Crucero, verano, personas


Desde enero a julio de este año un total de 23.199.952 personas han pasado por los aeropuertos de Baleares, este sábado alrededor de 13.369 cruceristas recorren las calles de Palma y un número desconocido de personas con agorafobia piensa “no puedo escapar, no tengo a nadie que me ayude y tengo miedo de hacer el ridículo”.

Elisabeth Rigo, psicóloga general sanitaria en el centro Mentalment, explica que el verano puede agravar los síntomas físicos de la ansiedad, lo que repercute negativamente en las personas que sufren agorafobia, un trastorno psicológico en el que la persona tiene miedo a lugares de los que sería difícil escapar o en los que podría sentirse avergonzada o no disponer de ayuda.

“Al pasear por la calle hay muchísima más gente, el autobús está a tope, cualquier evento al que vas está lleno”, señala Rigo, quien precisa que el calor y la humedad del verano provocan que la gente se agobie más y que tenga una mayor probabilidad de marearse.

“A una persona con agorafobia esos síntomas le generan mucha ansiedad”, señala.

Por este motivo, alega que la mayoría de personas agorafóbicas tendrá más dificultades para salir a la calle y evitará hacerlo durante algunas horas del día.

“Esto lo hacen todo el año pero más en verano”, indica, ya que “es más agobiante y estresante para ellos porque no llevan bien las aglomeraciones”.

La psicóloga destaca que el verano es una época “claramente” más difícil en Mallorca “porque hay gente por todos lados”.

Rigo precisa que para diagnosticar este trastorno se debe analizar si la persona tiene miedo durante más de seis meses a dos o más situaciones relacionadas con desmayarse en público, sufrir ataques de ansiedad, salir solos de casa, conducir, viajar en transporte público e ir a lugares con aglomeraciones, entre otras.

Sin embargo, recalca que es importante dejar claro que la agorafobia no es lo contrario de la claustrofobia. “No es solo miedo a espacios abiertos, sino también a espacios cerrados en los que veo que no voy a poder escapar o que va a haber mucha gente y me voy a agobiar”, indica.

Los síntomas de este trastorno suelen aparecer en la adolescencia tardía o entre los 25 y los 30 años, aunque pueden hacerlo en cualquier momento, según comenta.

«Suele darse más en mujeres, más o menos la proporción de personas que tienen agorafobia es 2 a 1, cada dos mujeres un hombre», sostiene.

Sin embargo, la Organización Mundial de la Salud (OMS) estima que 2 de cada 3 personas con un trastorno mental no piden ayuda.
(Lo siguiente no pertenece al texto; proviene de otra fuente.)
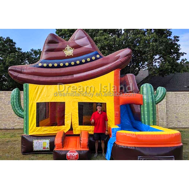 Castillo Inflable de PVC para Niños con Tobogán, Casa de Brinco Comercial con Soplador para Fiestas, Estilo Vaquero del Oeste
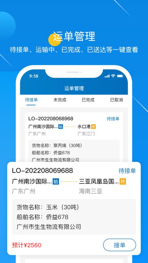 待接单、运输中、已完成、已送达等一键查看

“Hay mucha gente que no sabe lo que tiene, no sabe que le pueden ayudar y aparte de esto está el estigma”, subraya Rigo, que concreta que muchas personas normalizan la agorafobia como si fuera un estilo de vida más.

El tratamiento psicológico que se emplea para la agorafobia es el cognitivo conductual.

En una primera fase se enseña a tolerar los síntomas de la ansiedad y a reducirlos con técnicas de relajación y de respiración. Luego se trabaja el tema de los pensamientos: se les instruye para que aprendan a no anticipar y a no tener una visión tan catastrófica.

“La parte más importante del tratamiento es la exposición”, especifica y explica que consiste en exponer gradualmente a estas personas a las situaciones que temen para que se den cuenta de que no son tan graves.

“Sin tratamiento es muy difícil, porque la inercia que tenemos es a seguir evitando y es como un pez que se muerde la cola”, lamenta.

Por su parte, la presidenta de la Asociación de agorafobia de Mallorca y psicóloga, Isabel Llauradó, sostiene que lo que mueve a las personas a contactar con ella es la “desesperación”.

Según explica, la gente que llama a la asociación lleva muchos años con este trastorno y ya no sabe cómo gestionar su vida. “Es muy importante que cuando la gente llama desesperada tenga a alguien que le escuche”, asegura.

No obstante, confiesa que en muy pocas ocasiones ha conseguido quedar con las personas que le llaman y que generalmente trata con ellas por teléfono.

“En algunos casos la gente se cierra a salir”, lamenta y añade que lleva la asociación a nivel personal para ayudar a las personas que lo necesitan, ya que los agorafóbicos «tienen miedo al miedo».

“Para mí lo importante es que nosotros nos entendemos, el contacto y la empatía”, destaca.

“No se acaba todo por tener un trastorno de ansiedad”, insiste y da esperanzas a las personas que lo sufren.